Even John Cheever, whom so many readers encountered in the gentle visage emblazoned on the back of his Pulitzer Prize-winning collected stories, was a lonely, equivocal visitor in the suburban world with which his name has since become synonymous.

The 1991 publication of Cheever’s ribald, deeply sad and erotically bisexual journals punched open a new personal dimension to this image. Now we have an even wider, clearer window into Cheever’s life: this fabulous, enormously enjoyable biography by Blake Bailey, the author of a previous book about another troubled, hard-drinking mythologizer of suburbia, Richard Yates.

Like that volume, Cheever: A Life rises on a wealth of scholarship, journal-probing, library sleuthing and an authorial voice that is infectiously good-natured and protective of its subject. “Cheever was at once the most reticent and candid of men,” Bailey writes.

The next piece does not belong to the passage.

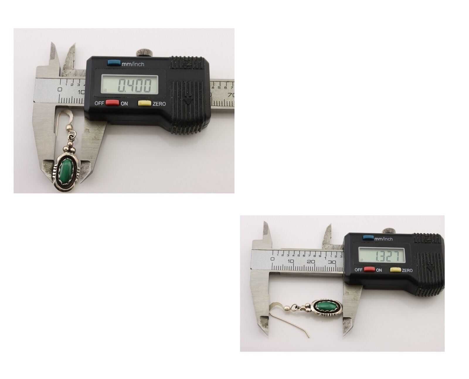 Navajo Dangle Earrings 925 Silver Natural Malachite Native American Artist C.80s

The reticence is a familiar story, especially for a writer who comes from New England. But the type of candor Bailey channels from close reading of Cheever’s unexpurgated journals is new, and it makes this an intimate, illuminating portrait.

The Details

Cheever: A Life
Five stars
Blake Bailey
Knopf, $35.
Amazon: Cheever: A Life

Bailey has managed to make almost every legend about Cheever slightly more complicated in the telling. Publicly the writer alluded to having aristocratic heritage, but privately he wrote of his lineage as “sexual losers, sartorial losers, bums at the bank.”

He wasn’t kicked out of Thayer Academy; he left on his own, traveling down to New York, where Greenwich Village decadents introduced him to the lights of the day: John Dos Passos, Edmund Wilson and Malcolm Cowley, the editor—aside from Katharine White—who nurtured his talent.

Drawing on the journals, as well as memoirs of people who knew Cheever, Bailey’s biography vividly contrasts the bold progression of the writer’s style with the doubts that tormented him. It is a poignant juxtaposition. Bailey gives each new work a crisply orienting analysis, creating a narrative of progression.

Meanwhile, Cheever’s life moved in lateral, elliptical swaths. As Bailey describes it, affairs left him jagged and depleted, corroding his marriage. The specter of failure and want was never far away. Eventually, the two narratives collide in the 1970s as Cheever’s work begins to fade from view.

Cheever’s late-life literary star—a thing that rises capriciously, often at odds with the time when its light is most needed—might be said to provide this book its own happy ending. Broke, out of print, he wrote one of his finest novels (Falconer), won a Pulitzer and became the literary squire he had always wanted to be.

Yet the reality was far more mysterious and complicated. Cheever: A Life makes visible this private drama, and does the best thing a writer’s biography can do: It reminds us how provisional a writer’s life can feel, making us appreciate that there is any work at all.